Overall, a ConSert is a set of such mapping functions, one for each guarantee level (of each offered service/function of a unit of composition). A unit of composition is typically a self-contained piece of hardware and software, i.e., a system. But it could also be just a piece of software, i.e., an application. If deployed concurrently with other applications on a shared hardware and particularly if dynamic download and update shall be possible, it is also important to include vertical dependencies between applications and (shared) resources in the eq. A corresponding extension of ConSerts has been developed in the EMC2 project [15,16,17].

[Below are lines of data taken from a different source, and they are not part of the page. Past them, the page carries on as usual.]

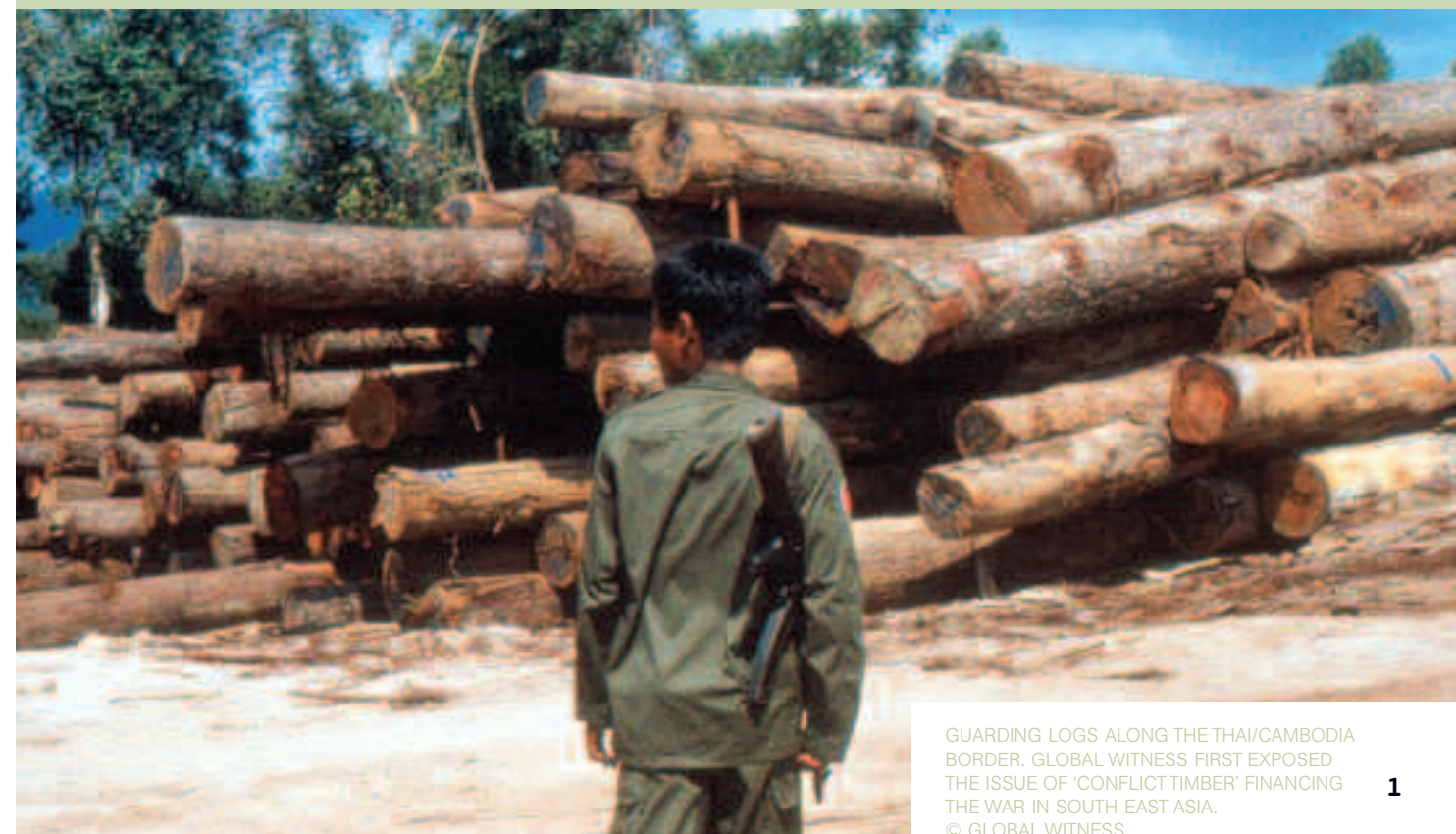
GUARDING LOGS ALONG THE THAI/CAMBODIA BORDER. GLOBAL WITNESS FIRST EXPOSED THE ISSUE OF 'CONFLICT TIMBER' FINANCING THE WAR IN SOUTH EAST ASIA.

• Global Witness' investigations led to precedent-setting United Nations sanctions on exports of Liberian timber during the civil war, cutting off Charles Taylor's main source of funding.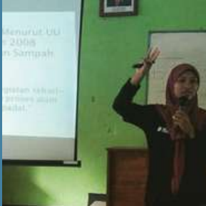
RECYCLE - UPCYCLE WORKSHOP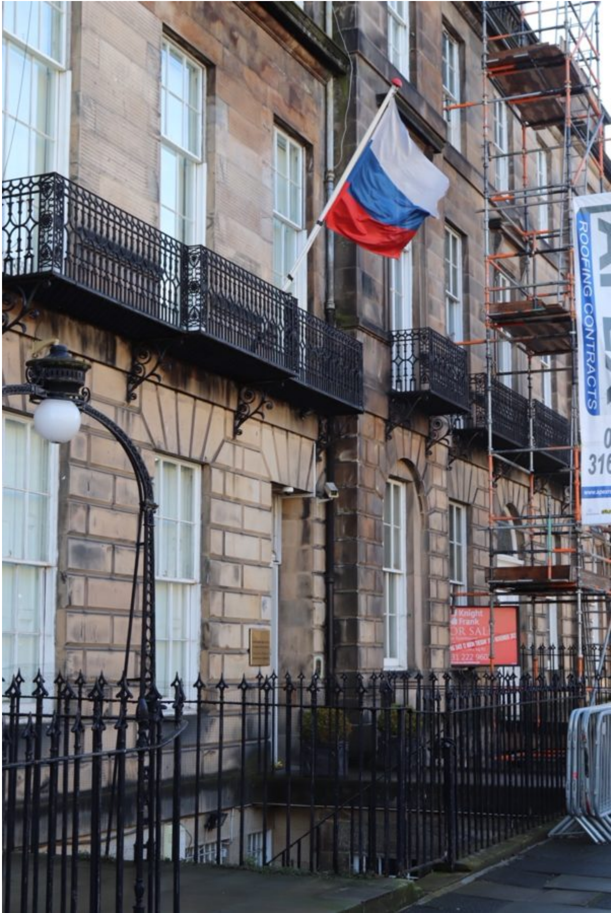
The Russian Consulate on Melville Street on Thursday morning.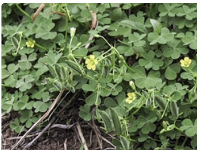
Carpet with flowers and seed cases.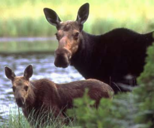
A cow moose with a calf

Visit nature.org/tristateimpact to make a gift.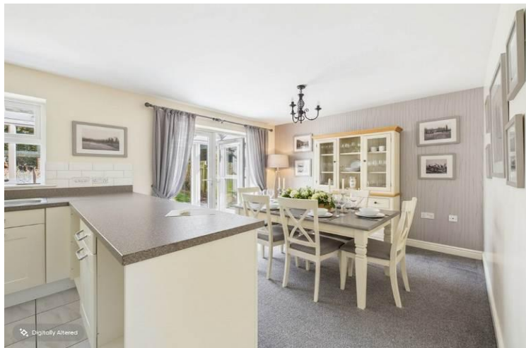
Breakfast Kitchen - Virtually Staged

The definition of the guarantees, the demands, and the mapping functions is generally done conjointly with the development of the safety concept and safety argument. In fact, the resulting ConSert becomes an integral part of the safety argument because it needs to be shown in a convincing manner that the ConSert guarantees are actually valid given the fulfillment of their related demands.
4.4 ConSerts at runtime
ConSerts need to be transferred into a machine-readable form to enable dynamic evaluation, and there need to be corresponding mechanisms built into the systems that operate on this information (i.e., ConSerts as SM@RT) to conduct the evaluation. Of course, the evaluation protocols need to be standardized to ensure that every participating system is interoperable from a ConSert point of view. Assume that the operator has installed the swath scanner on the tractor and that tractor and round baler are coupled. The operator initiates TIM via the virtual terminal and explicitly selects the application variant that provides flexible control of speed and steering based on the input from the swath scanner. The first step is now to start the application, i.e., to dynamically integrate the participating systems. After this has succeeded, the evaluation of the safety guarantees of the application is started. Note that the application forms the root of a dynamically formed composition hierarchy (in contrast to basic services or functions, which are rendered by lower-level components/systems and which are consumed by superordinate components/systems) and the correlated ConSert has the scope of this whole system-of-systems application. The evaluation of ConSerts starts from the leaf systems that have no external service-related dependencies. These systems determine their RtEs and propagate them up in the composition hierarchy. Eventually, all service-related demands of the root (i.e., the TIM baling application) can be checked and, together with the evaluation results of the RtEs, the top-level safety guarantees are determined.